──────── Extracted data
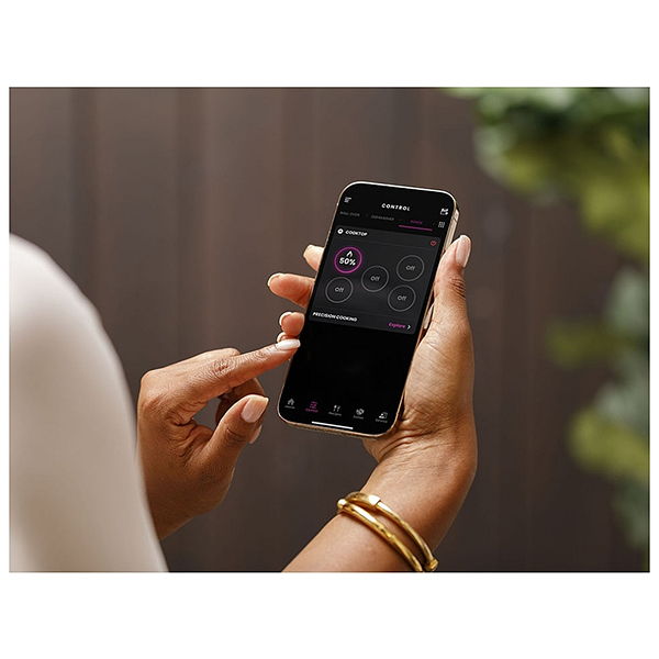 The smooth glass surface is easy to clean, with spills never burning on the cooktop. Its glide touch controls and 19 distinct heat settings allow for effortless control and responsiveness, ensuring that your burners adjust and respond in real time. Guided Cooking, Wi-Fi connectivity, and Chef Connect features further enhance the convenience, letting your burners automatically adjust temperature and timing based on video-guided recipes.
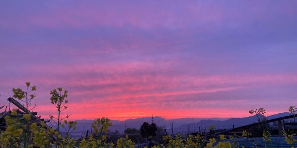 春の夕焼けを眺める贅沢なひと時。
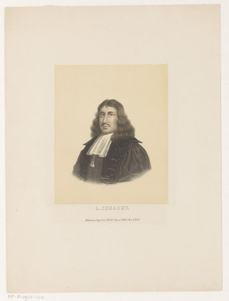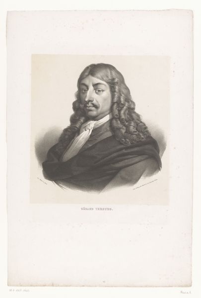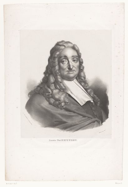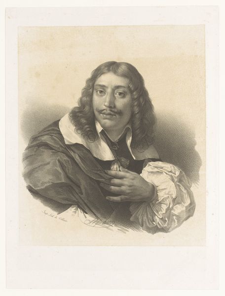 This is Nicolas Maurin’s lithographic portrait of Jusepe de Ribera. The composition is immediately striking for its contrasts—light and dark, defined versus soft. Maurin masterfully uses chiaroscuro. Notice how the stark white collar frames Ribera's face, drawing our eyes to his expression. The face itself, rendered with delicate lines and subtle shading, contrasts sharply with the dark, enveloping coat. This contrast isn't just aesthetic; it evokes a sense of drama and intensity. The soft, almost romantic treatment of the hair adds another layer, creating a tension between the man's inner world and public persona. The formal qualities of the portrait, particularly the interplay of light and shadow, offer a glimpse into the cultural codes of representation of the time. The formal structure destabilizes the conventional values of portraiture by engaging with new ways of thinking.
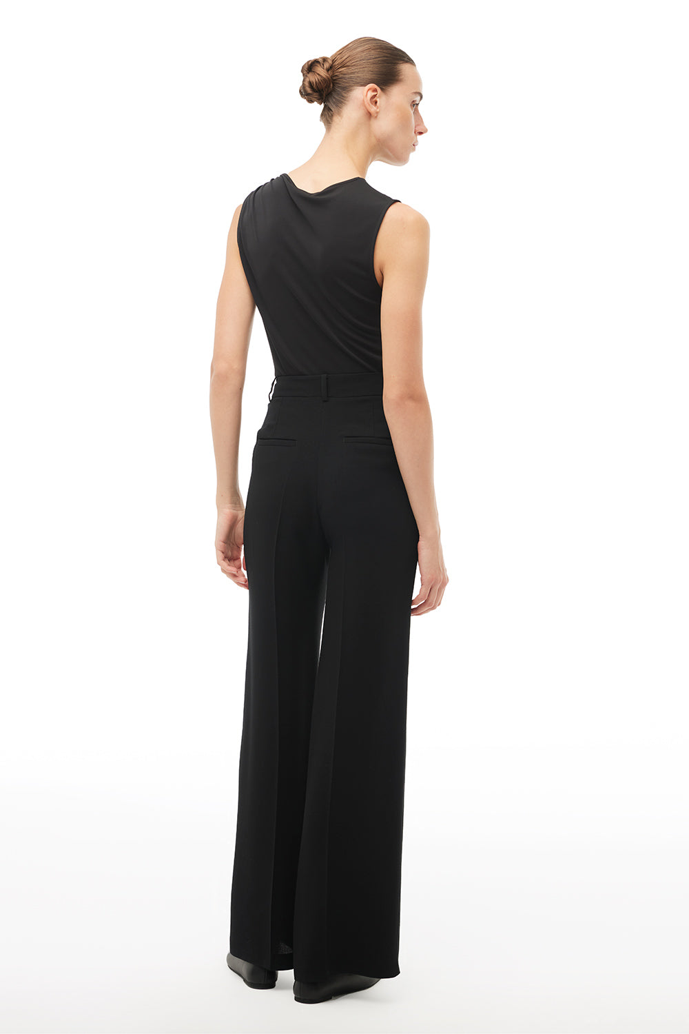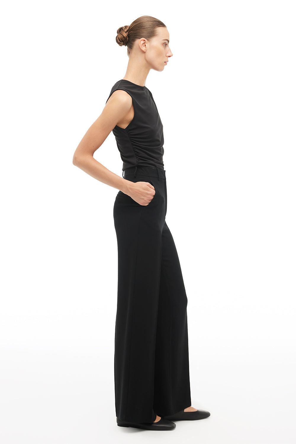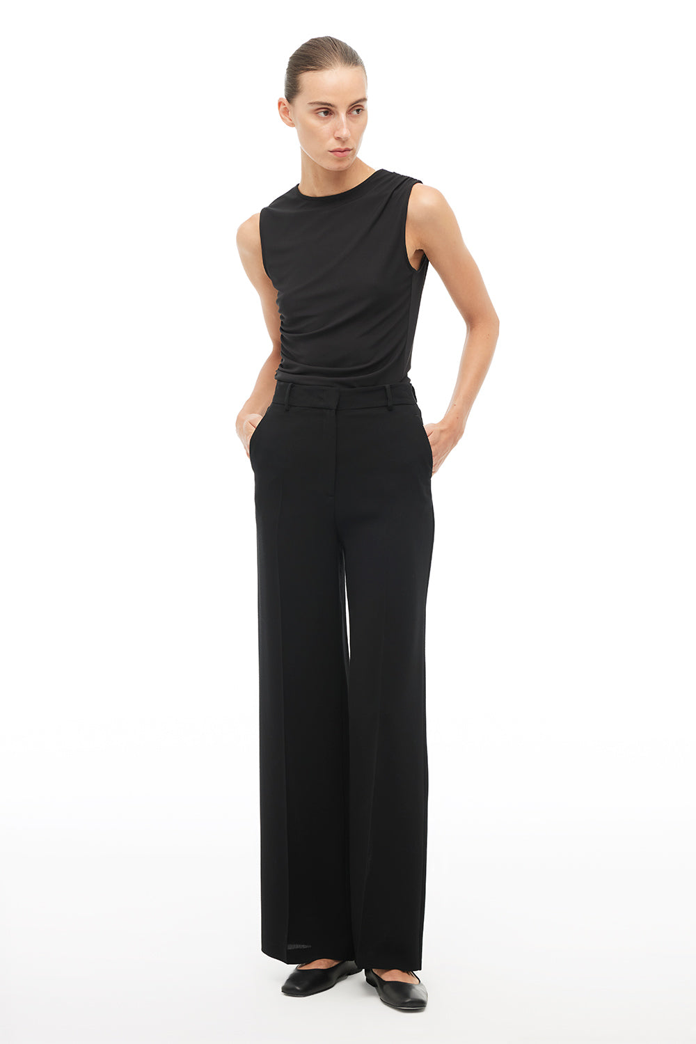 Pantallona të zi që plotësojnë setin e kostumit, me linja të pastra dhe formë klasike. të përshtatshme si të vishen me xhaketë në komplet, ashtu edhe veçmas me bluza apo triko.
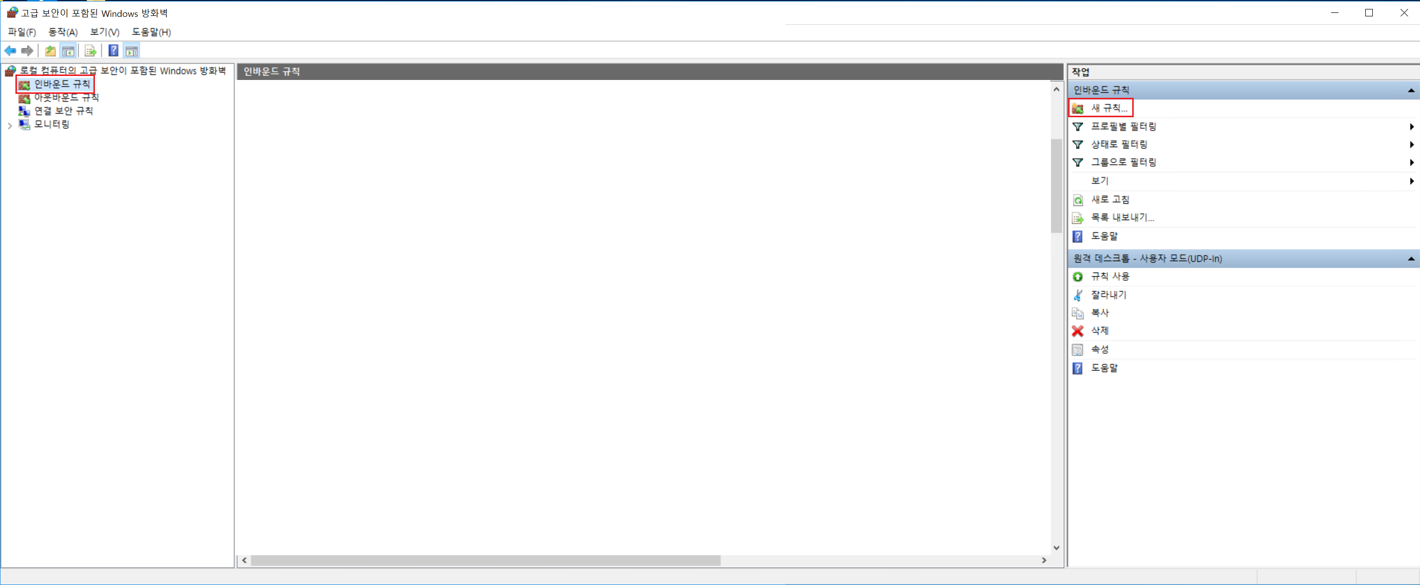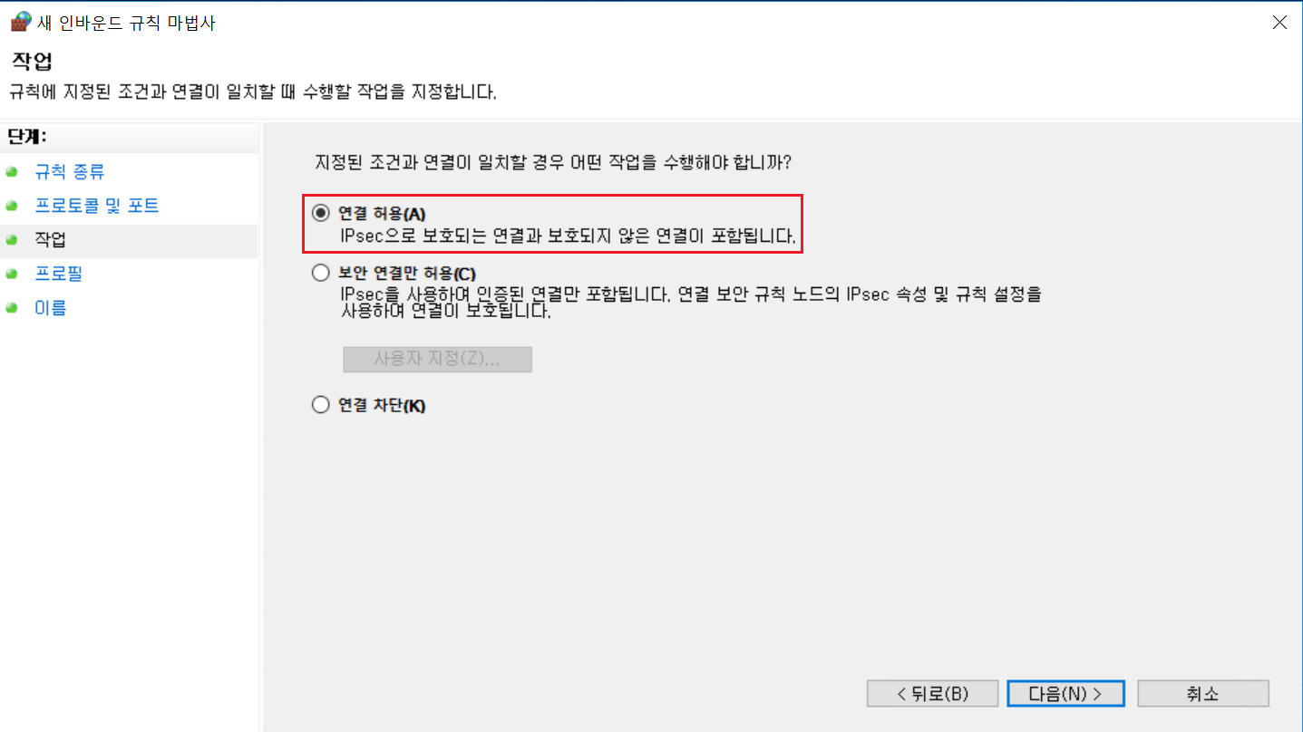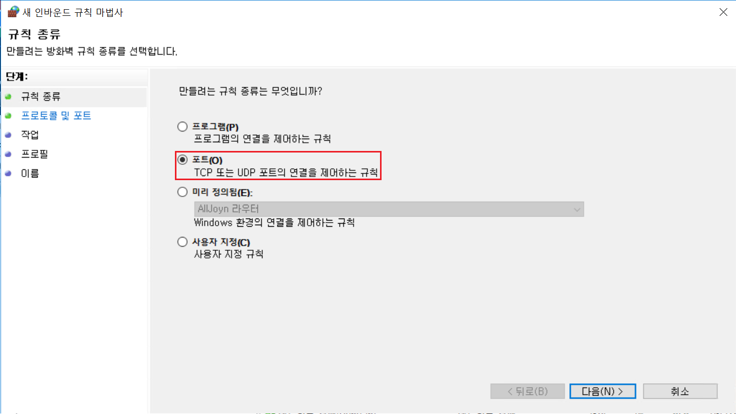 wf.msc 실행 -> 인바운드 규칙 -> 새 규칙
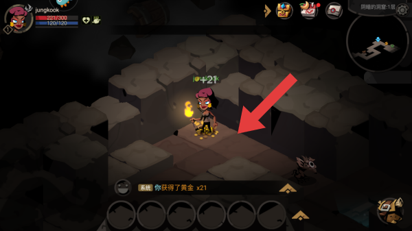 1、在洞穴场景中,需要控制角色移动,前方有敌人在阻碍收集黄金时,需要用刀把它歼灭。
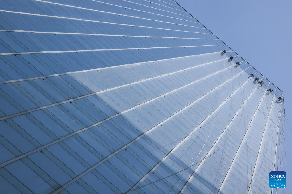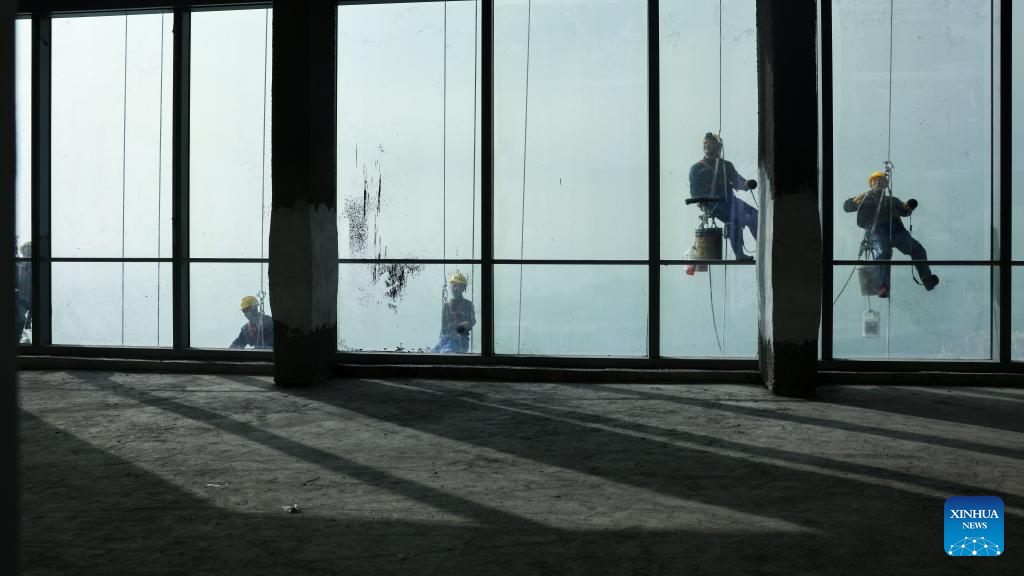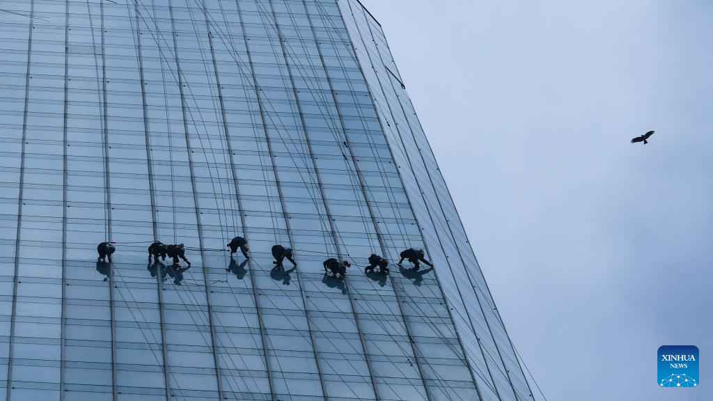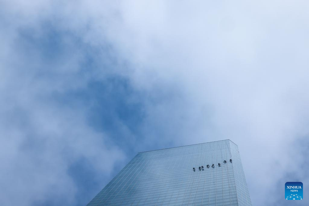 Skyscraper window cleaners prepare to clean the exterior of Guiyang International Trade Center in Guiyang, southwest China's Guizhou Province, March 15, 2022. The 335-meter-high twin skyscrapers of Guiyang International Trade Center recently saw their first exterior wall cleaning this year. The cleaning, carried out by eight workers, is expected to take about 20 days. (Xinhua/Ou Dongqu)
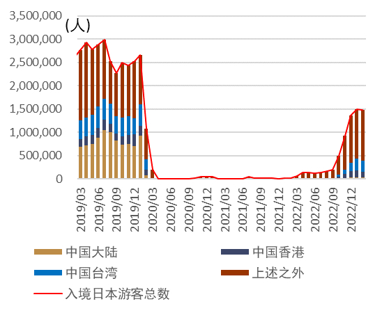 贸易账户或缓慢改善 日本财务省公布了2月贸易收支,净出口为约9000亿日元的逆差(图表27),为1979年统计开始以来的最大单月逆差。过去数月能源价格有所回落、日元也有所升值,进口金额未来或有所缩小。但自去年四季度以来,伴随主要经济体货币政策的收紧,日本的外需存在趋势性减少(图表28)。我们认为相关趋势会放缓日本贸易帐改善的速度,但是在经济逐步走向衰退的过程中,美国利率或持续下行,美日息差收窄,总体仍将利好日元。此外,服务账户方面,日本国土交通省公布的2月入境日本的外国游客人数约为147.5万人,相较上月有所减少 (图表29),我们认为减少的原因主要受季节性因素的影响,不用过度担心该数字。
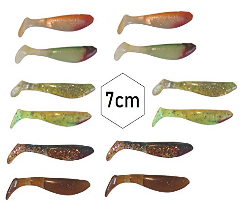 SANDAFishing Set Relax Kopyto 12 pesci in gomma - 7 cm Classic 2 pollici - Esca in gomma ideale per pesci predatori, accessori per la pesca luccioperca luccioperca, luccio, set da pesca (set 6)
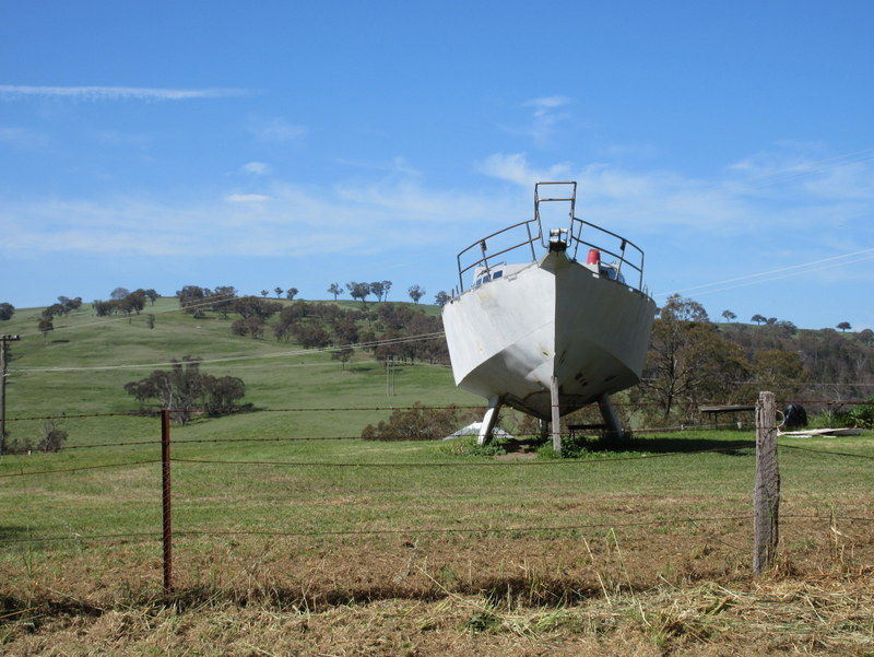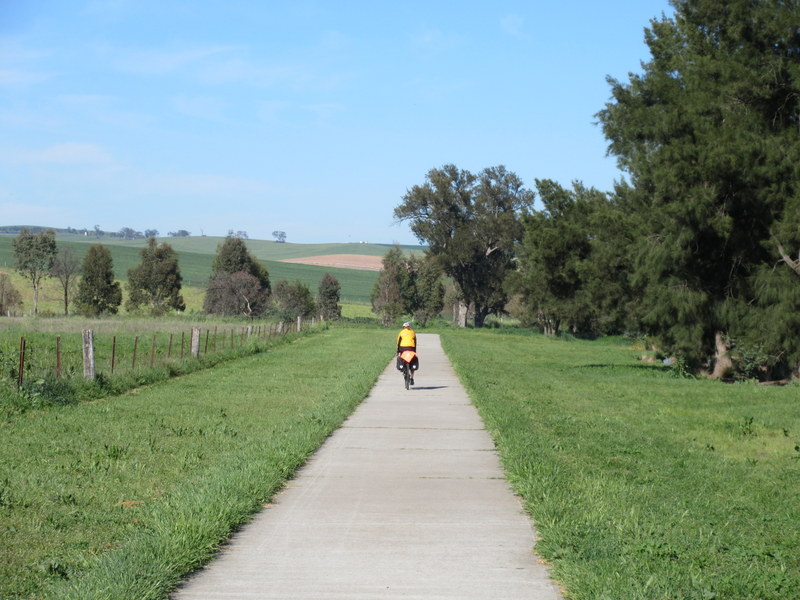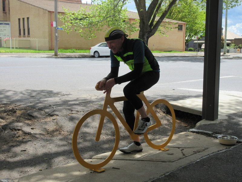 A few more hills to get over and we were soon in Orange proper. We had planned to head into the central area and grab some lunch but as we rode past Bill’s Beans we made a quick stop. This is a nice little corner cafe with some seriously good coffee and food. Dave went straight for the Reuben sandwich, as he generally does when it’s available, and I had a take on an egg and bacon roll – both were delicious. Plus there was a neighbourhood cat to entertain us while we waited for our food. Hard to beat.
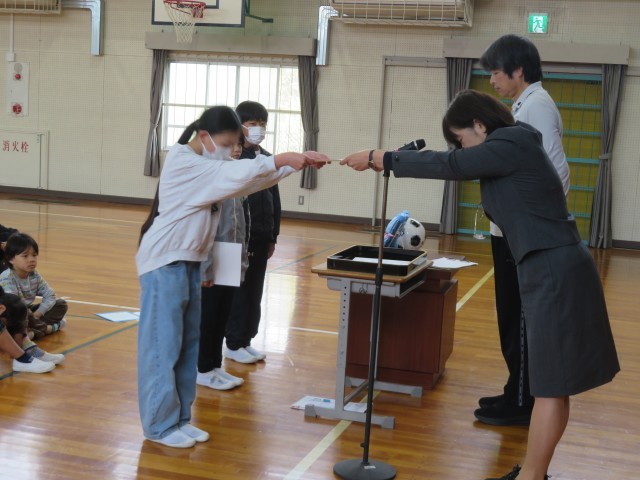 今朝の朝会で、校長先生から学級代表、各委員会の委員長として認証されました。学校のリーダーとして、頑張ってくれることでしょう!
────────────────
What is expected ▸ Each entry should be repeated exactly as it appears; the pictures stay out.

Written answer ▸
 The smooth glass surface is easy to clean, with spills never burning on the cooktop. Its glide touch controls and 19 distinct heat settings allow for effortless control and responsiveness, ensuring that your burners adjust and respond in real time. Guided Cooking, Wi-Fi connectivity, and Chef Connect features further enhance the convenience, letting your burners automatically adjust temperature and timing based on video-guided recipes.
 春の夕焼けを眺める贅沢なひと時。
 This is Nicolas Maurin’s lithographic portrait of Jusepe de Ribera. The composition is immediately striking for its contrasts—light and dark, defined versus soft. Maurin masterfully uses chiaroscuro. Notice how the stark white collar frames Ribera's face, drawing our eyes to his expression. The face itself, rendered with delicate lines and subtle shading, contrasts sharply with the dark, enveloping coat. This contrast isn't just aesthetic; it evokes a sense of drama and intensity. The soft, almost romantic treatment of the hair adds another layer, creating a tension between the man's inner world and public persona. The formal qualities of the portrait, particularly the interplay of light and shadow, offer a glimpse into the cultural codes of representation of the time. The formal structure destabilizes the conventional values of portraiture by engaging with new ways of thinking.
 Pantallona të zi që plotësojnë setin e kostumit, me linja të pastra dhe formë klasike. të përshtatshme si të vishen me xhaketë në komplet, ashtu edhe veçmas me bluza apo triko.
 wf.msc 실행 -> 인바운드 규칙 -> 새 규칙
 1、在洞穴场景中,需要控制角色移动,前方有敌人在阻碍收集黄金时,需要用刀把它歼灭。
 Skyscraper window cleaners prepare to clean the exterior of Guiyang International Trade Center in Guiyang, southwest China's Guizhou Province, March 15, 2022. The 335-meter-high twin skyscrapers of Guiyang International Trade Center recently saw their first exterior wall cleaning this year. The cleaning, carried out by eight workers, is expected to take about 20 days. (Xinhua/Ou Dongqu)
 贸易账户或缓慢改善 日本财务省公布了2月贸易收支,净出口为约9000亿日元的逆差(图表27),为1979年统计开始以来的最大单月逆差。过去数月能源价格有所回落、日元也有所升值,进口金额未来或有所缩小。但自去年四季度以来,伴随主要经济体货币政策的收紧,日本的外需存在趋势性减少(图表28)。我们认为相关趋势会放缓日本贸易帐改善的速度,但是在经济逐步走向衰退的过程中,美国利率或持续下行,美日息差收窄,总体仍将利好日元。此外,服务账户方面,日本国土交通省公布的2月入境日本的外国游客人数约为147.5万人,相较上月有所减少 (图表29),我们认为减少的原因主要受季节性因素的影响,不用过度担心该数字。
 SANDAFishing Set Relax Kopyto 12 pesci in gomma - 7 cm Classic 2 pollici - Esca in gomma ideale per pesci predatori, accessori per la pesca luccioperca luccioperca, luccio, set da pesca (set 6)
 A few more hills to get over and we were soon in Orange proper. We had planned to head into the central area and grab some lunch but as we rode past Bill’s Beans we made a quick stop. This is a nice little corner cafe with some seriously good coffee and food. Dave went straight for the Reuben sandwich, as he generally does when it’s available, and I had a take on an egg and bacon roll – both were delicious. Plus there was a neighbourhood cat to entertain us while we waited for our food. Hard to beat.
 今朝の朝会で、校長先生から学級代表、各委員会の委員長として認証されました。学校のリーダーとして、頑張ってくれることでしょう!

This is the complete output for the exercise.